Stöcker Tony, Shah N Jon
Institut für Medizin, Forschungszentrum Jülich GmbH, Jülich, Germany.
Magn Reson Med. 2006 Oct;56(4):824-34. doi: 10.1002/mrm.21011.
The magnetization-prepared rapid gradient-echo (MP-RAGE) sequence is well known and widely used for high-resolution, structural brain MRI. Here we present a new version, termed magnetization-prepared spiral acquisition gradient-echo (MP-SAGE), that employs interleaved square-spiral phase-encoding (PE) to take advantage of the 3D nature of the sequence. Resolution loss caused by point-spread function (PSF) blurring is circumvented by the use of variable flip angle (VFA) radiofrequency (RF) pulses. The pulse train is calculated by means of an accurate new signal evolution theory that is derived from the extended phase graph (EPG) description. Phantom results show excellent agreement between theory and experiment for substances with relaxation times similar to those of human brain tissue. Both phantom and in vivo results show a strong enhancement of SNR and CNR compared to the standard MP-RAGE in high-resolution MRI. The benefits for brain tissue segmentation using images obtained with MP-SAGE are shown.

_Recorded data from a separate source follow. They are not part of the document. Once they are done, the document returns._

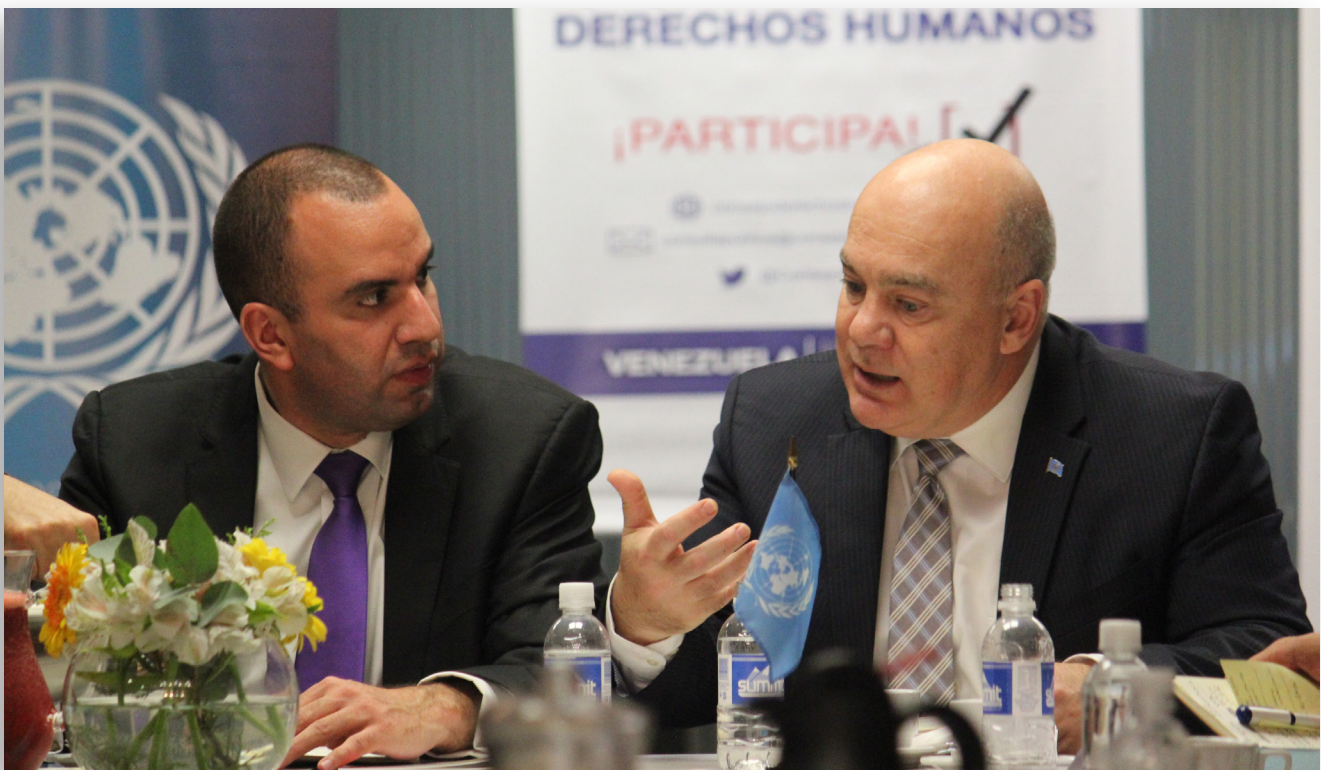
Consulta pública con Agencias del Sistema de Naciones Unidas acreditadas en Venezuela. Caracas, 21 de julio de 2015.
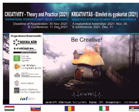
3. ábra: A CTP (2021) konferencia logója

A projektet bemutató prezentációk is közzétételre kerültek e két konferencián kívül a VI. International Interdisciplinary Conference (Debrecen, 2021. március 19.) és a VII. International Interdisciplinary Conference (Debrecen, 2022. március 18.) rendezvényeken (4. ábra).
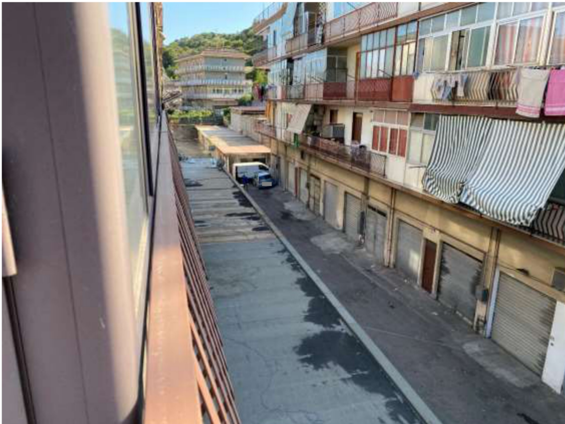
Foto 21 – Vista dal balcone lato ovest con affaccio sulla corsia di manovra dei garage
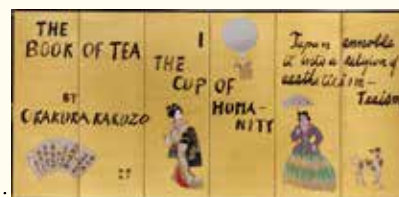
杉本健吉:画 本多静雄:書 「明治開化屏風」(左隻)1949年
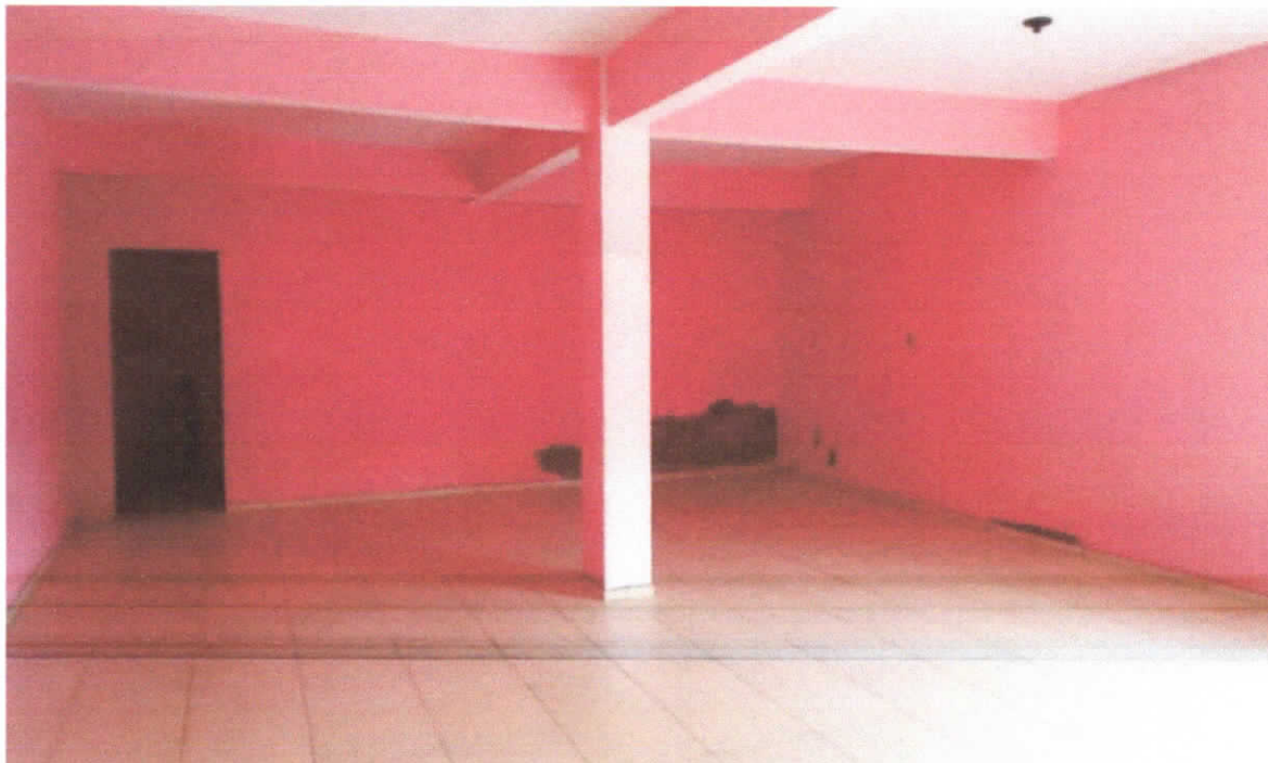
Foto 05: Almojarifado, piso cerâmico estampado 35x35cm, com cobertura em laje maciça, detalhe para os pontos de reboco expostos nas paredes.
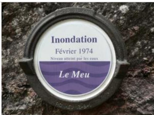
Repère normalisé de la crue du 12 février 1974

Altitude calculée de l'eau (en m) : 33.27 m
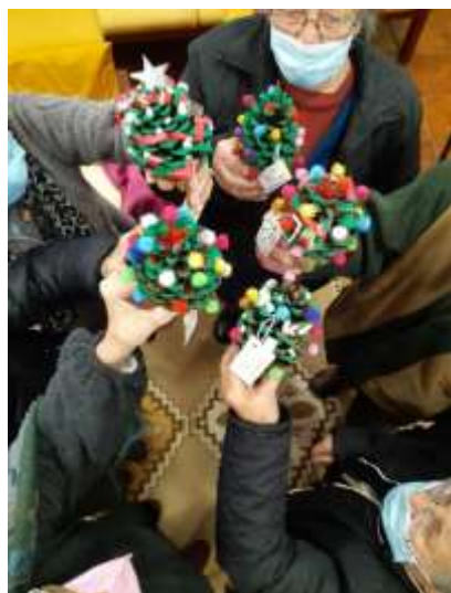
Atividades de Natal
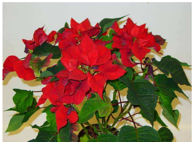
59 Saturnus Twist
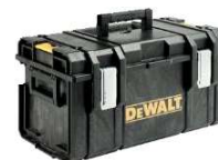
GRANDE ORGANIZADOR TOUGHSYSTEM®
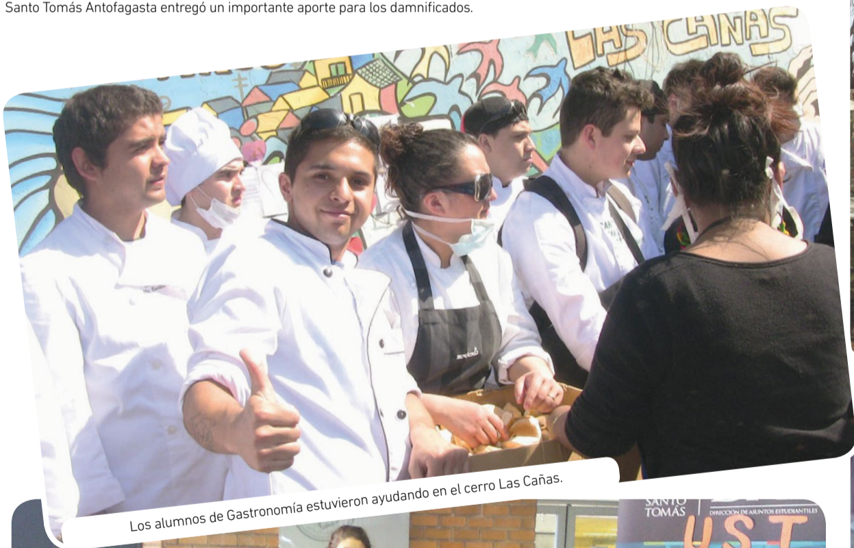
Los alumnos de Gastronomía estuvieron ayudando en el cerro Las Cañas.

磁化准备快速梯度回波(MP-RAGE)序列广为人知,并且被广泛用于高分辨率的脑部结构磁共振成像(MRI)。在此,我们展示了一个新版本,称为磁化准备螺旋采集梯度回波(MP-SAGE),它采用交错方形螺旋相位编码(PE)来利用该序列的三维特性。通过使用可变翻转角(VFA)射频(RF)脉冲,避免了由点扩散函数(PSF)模糊引起的分辨率损失。脉冲序列是通过一种基于扩展相位图(EPG)描述推导出来的精确新信号演化理论计算得出的。模体结果表明,对于具有与人类脑组织相似弛豫时间的物质,理论与实验结果高度吻合。模体和体内实验结果均表明,与标准MP-RAGE相比,在高分辨率MRI中,MP-SAGE的信噪比(SNR)和对比噪声比(CNR)有显著提高。文中展示了使用MP-SAGE获得的图像进行脑组织分割的优势。